Anasayfa / Köşe Yazıları / Atatürk’ü Sevmeyenlerin Yanılgısı Nedir? Atatürk’ü Herkese Anlatmalıyız

Atatürk’ü Sevmeyenlerin Yanılgısı Nedir? Atatürk’ü Herkese Anlatmalıyız

Bir milleti küllerinden doğuran bir lideri sevmemek… Belki de en büyük yanılgı burada başlıyor. Çünkü Atatürk’ü sevmemek, yalnızca bir şahsı sevmemek değildir; çağdaşlığı, bilimi, vicdanı, adaleti, bağımsızlığı ve insanca yaşamı da reddetmektir.

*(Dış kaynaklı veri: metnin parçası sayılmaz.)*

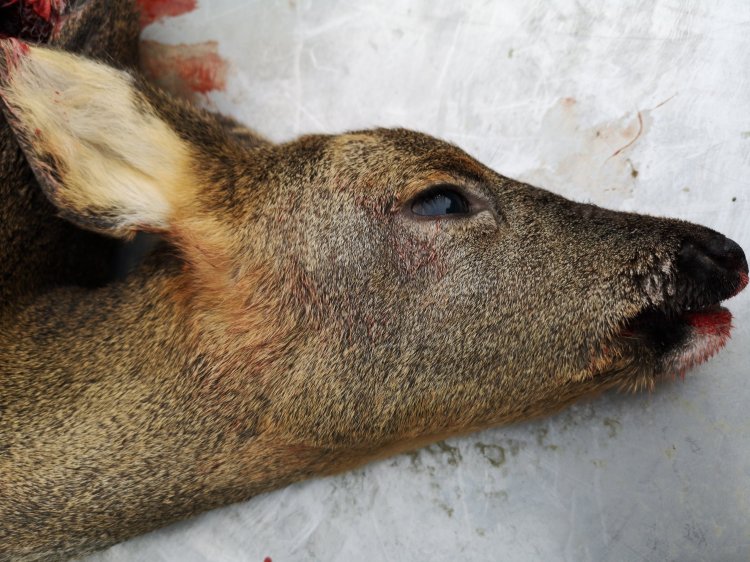 As we made our way down the hillside, Kris carried out the gralloch or, as some people call it, ‘field dress’. The purpose of the gralloch is to remove the entrails in order to reduce the temperature of the carcass so that the meat does not spoil or become contaminated. It is here that you check for signs of disease in the animal and I’m glad to say my little Roe Doe had been living a good life.

Oysa Atatürk, bir ideolojinin, bir partinin, bir dönemin adamı değildir. O, milletin ortak hafızasında vicdan olarak yaşayan; yoksul halkın kaderine isyan edip, kaderini değiştiren iradenin adıdır.

Onu anlamadan yargılayanlar, çoğu zaman onun kişiliğinden çok, onun temsil ettiği değerlerden korkarlar. Çünkü Atatürk; sadece düşmana değil, cehalete, taassuba, kadının esir edilmesine, emeğin hor görülmesine, çocukların geleceksiz bırakılmasına da baş kaldırmıştır.

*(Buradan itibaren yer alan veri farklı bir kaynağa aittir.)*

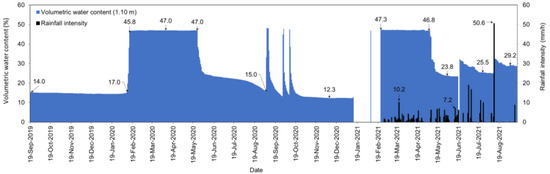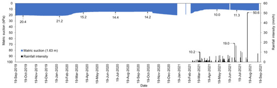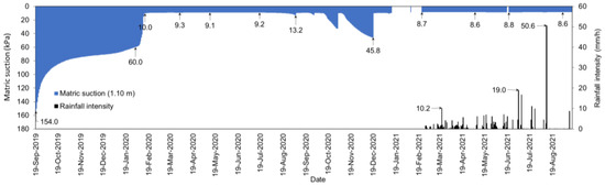 The responses of volumetric water content and the matric suction at a depth of 1.10 m are given in Figure 9 and Figure 10. Initially, the volumetric water content was 14%, and the matric suction was 154 kPa. The volumetric water content gradually increased to 17%, and the matric suction decreased to 60 kPa on 1 February 2020. The reason for the rapid decrease in matric suction equilibrium establishment of the sensors with the surrounding soil, according to the second law of thermodynamics. Between 1 February 2020 and 14 February 2020, the matric suction decreased from 60 kPa to 10 kPa, and the volumetric water content increased from 17% to 45.8%. Between 14 February 2020 and 25 May 2020, the volumetric water content was around 47%, and the matric suction was around 9 kPa. The volumetric water content decreased step by step after 25 May 2020 and reached 15% on 5 September 2020. On the other hand, there was no significant variation in the matric suctions, contrary to the expectation of an increase. A similar behavior was also observed in cases where the volumetric water content decreased step by step after 7 May 2021. This phenomenon may be due to a change in the shape of the SWCC because of crack formation in the soil. Cracks develop in soil due to drying, and this affects the mechanical and hydraulic properties of soils [54,55]. Various studies, such as References [56,57,58,59,60], have reported that the formation of cracks in clayey soils causes significant changes in the soil water characteristic curve. For an illustration, Zornberg et al. [59] observed that crack development increased the slope of the soil water characteristic curve at the transition zone. This results in higher volumetric water content changes but more limited matric suction changes beyond the air-entry value. According to Li et al. [57], the soil cracks deform during the drying and wetting stages, and the changes in crack volume and suction have a direct impact on the soil water characteristic curve of cracked soil. It is possible to explain the differences in the matric suction and volumetric water content values in Figure 9 and Figure 10 based on this information in the literature.

Onu sadece resmi törenlerle anmak, yetersizdir. Çünkü Atatürk sevgisi; bir siyasi görüşe, bir sınıfa, bir bölgeye ya da bir kimliğe ait değildir. Tersine, Atatürk; işçiye de çiftçiye de esnafa da, Alevi’ye de Sünni’ye de, Türk’e de Kürt’e de, kadına da erkeğe de aynı hakkı, aynı özgürlüğü, aynı onuru sunan bir ufkun adıdır.

Bu yüzden onun sevgisini herkese anlatmak, herkesin kalbine dokunmak zorundayız.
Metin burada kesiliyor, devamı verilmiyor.